« Reconstituer les sentiments et non les événements. » Telle est l’intention de Svetlana Alexievitch – prix Nobel de littérature 2015 – qui, en ajustant sa focale sur les survivants de Tchernobyl, donne la parole aux suppliciés qui ont vu mais n’ont jamais été entendus. Par le biais des témoignages récoltés, l’autrice et journaliste biélorusse reconstitue les décors lunaires et l’atmosphère crépusculaire d’après la catastrophe sanitaire du 26 avril 1986. Si le déroulé de l’explosion est connu, que sait-on des sentiments de ceux qui l’ont vécue ? Des liquidateurs envoyés pelle à la main, sans protection face aux radiations, enfouir les objets contaminés, après avoir signé un accord de non-divulgation de la teneur de leur mission auprès des populations, pas un mot. Rien. Silence absolu. Des mineurs chargés de creuser une galerie sous le réacteur, non plus. D’autant plus aisé, que la plupart n’y ont pas survécu. Pour la première fois, la postérité dispose d’une version humaine de l’Histoire non falsifiée, dépouillée de l’attrait morbide qu’elle continue d’exercer. Uniquement les faits : des instruments de mesure trafiqués, une omerta imposée par l’État, une propagande savamment orchestrée, des enfants « lucioles » et des bébés mort-nés, une échelle des valeurs humaines revisitée : la rémunération s’estimant dorénavant à l’aune de la distance entre le lieu de travail et le cœur du réacteur en fusion, la mort par décomposition des premiers pompiers mobilisés, l’ostracisation des personnes contaminées… La sidération domine, l’incompréhension également, l’impossible conscientisation d’une guerre atomique qui échappe à notre mode de perception. L’effondrement du système idéologique soviétique est le corollaire d’un énorme mensonge politique.
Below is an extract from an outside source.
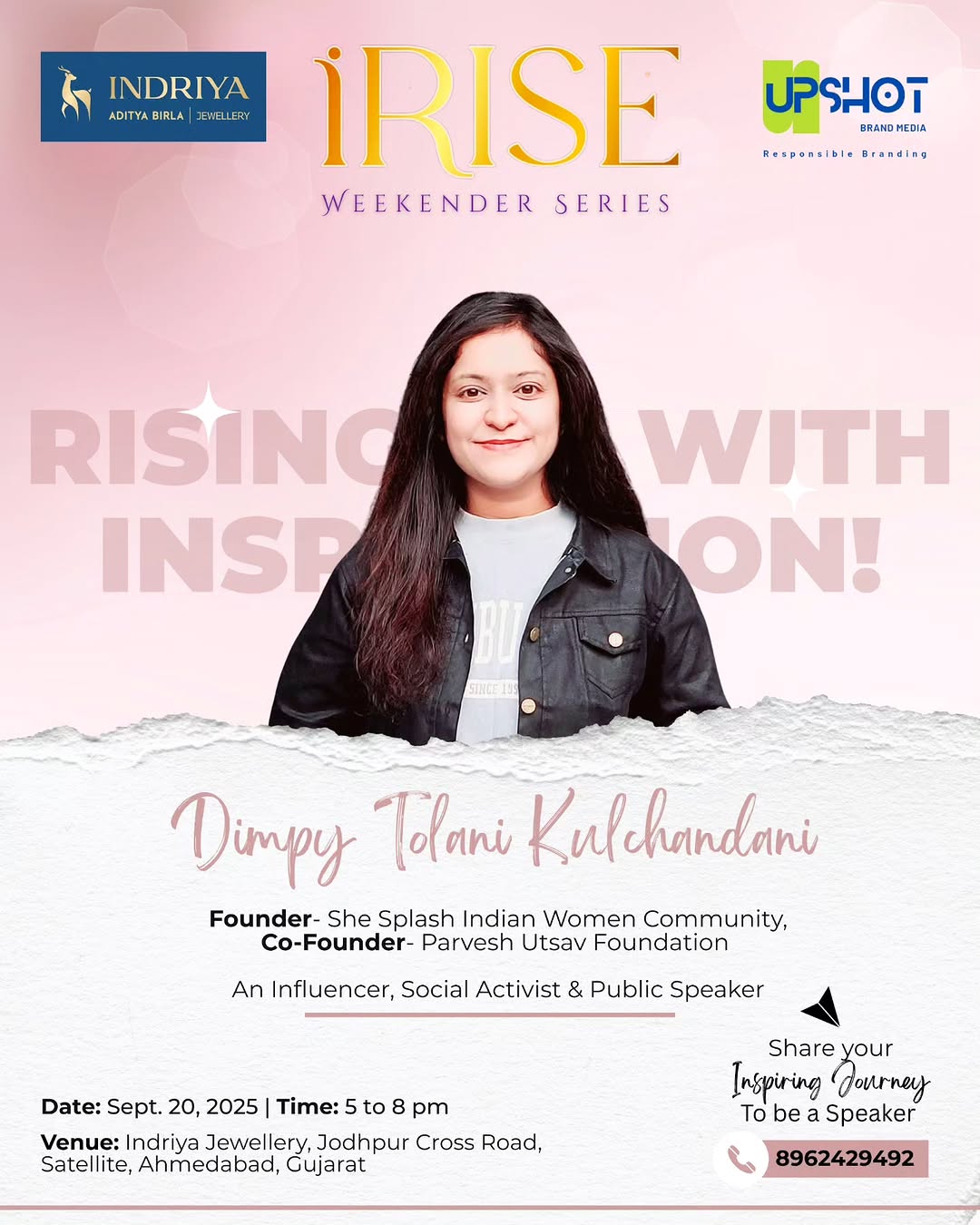 4 days to go and ....time's ticking! Get your 'front seat' inspo with people of Ahmedabad who are the 'movers and shakers' of the town! We're thrilled to hear the story of Dimpy Tolani Kulchandani , Founder- She Splash Indian Women Community, Co-Founder- Parvesh Utsav Foundation for the iRISE Weekender Series. An Influencer, social activist & a public speaker, she is inspiring many women through her community! Join us to hear her inspiring journey and share your own. Rising with inspiration! 🚀 ✨We're bringing together amazing people for the iRISE Weekender Series with an exclusive Fireside Chat with Dy. Collector, Ms. Maitridevi Sisodia. This is your chance to share your journey, connect with like-minded people, and inspire others with your story. Date: Sept. 20, 2025 Time: 5-8 PM Venue: Indriya Jewellery, Jodhpur Cross Road, Satellite, Ahmedabad 🎟 No Charges. Registration is for ensuring proper arrangements at the venue for you. 🔗 Register now: https://forms.gle/zfQK1eFtmw8bbAb16 #Stories #AhmedabadStories #iRiseWeekenderSeries #RisingStories #PeopleofAhmedabad

La foi en l’idéal communiste, qui place l’homme au cœur de son système de pensée mais est capable de le sacrifier sur l’autel de ses intérêts, disparaît. Si « un événement raconté par une seule personne est son destin », mais « raconté par plusieurs, devient l’Histoire », en redonnant voix aux oubliés La Supplication démystifie un échec politique que les autorités ont tenté d’enterrer. Édifiant et sidérant.
Mon évaluation : 4/5
Date de parution : 1997. Poche chez J’ai Lu, traduit du russe par Galia Ackerman, Pierre Lorrain, 256 pages.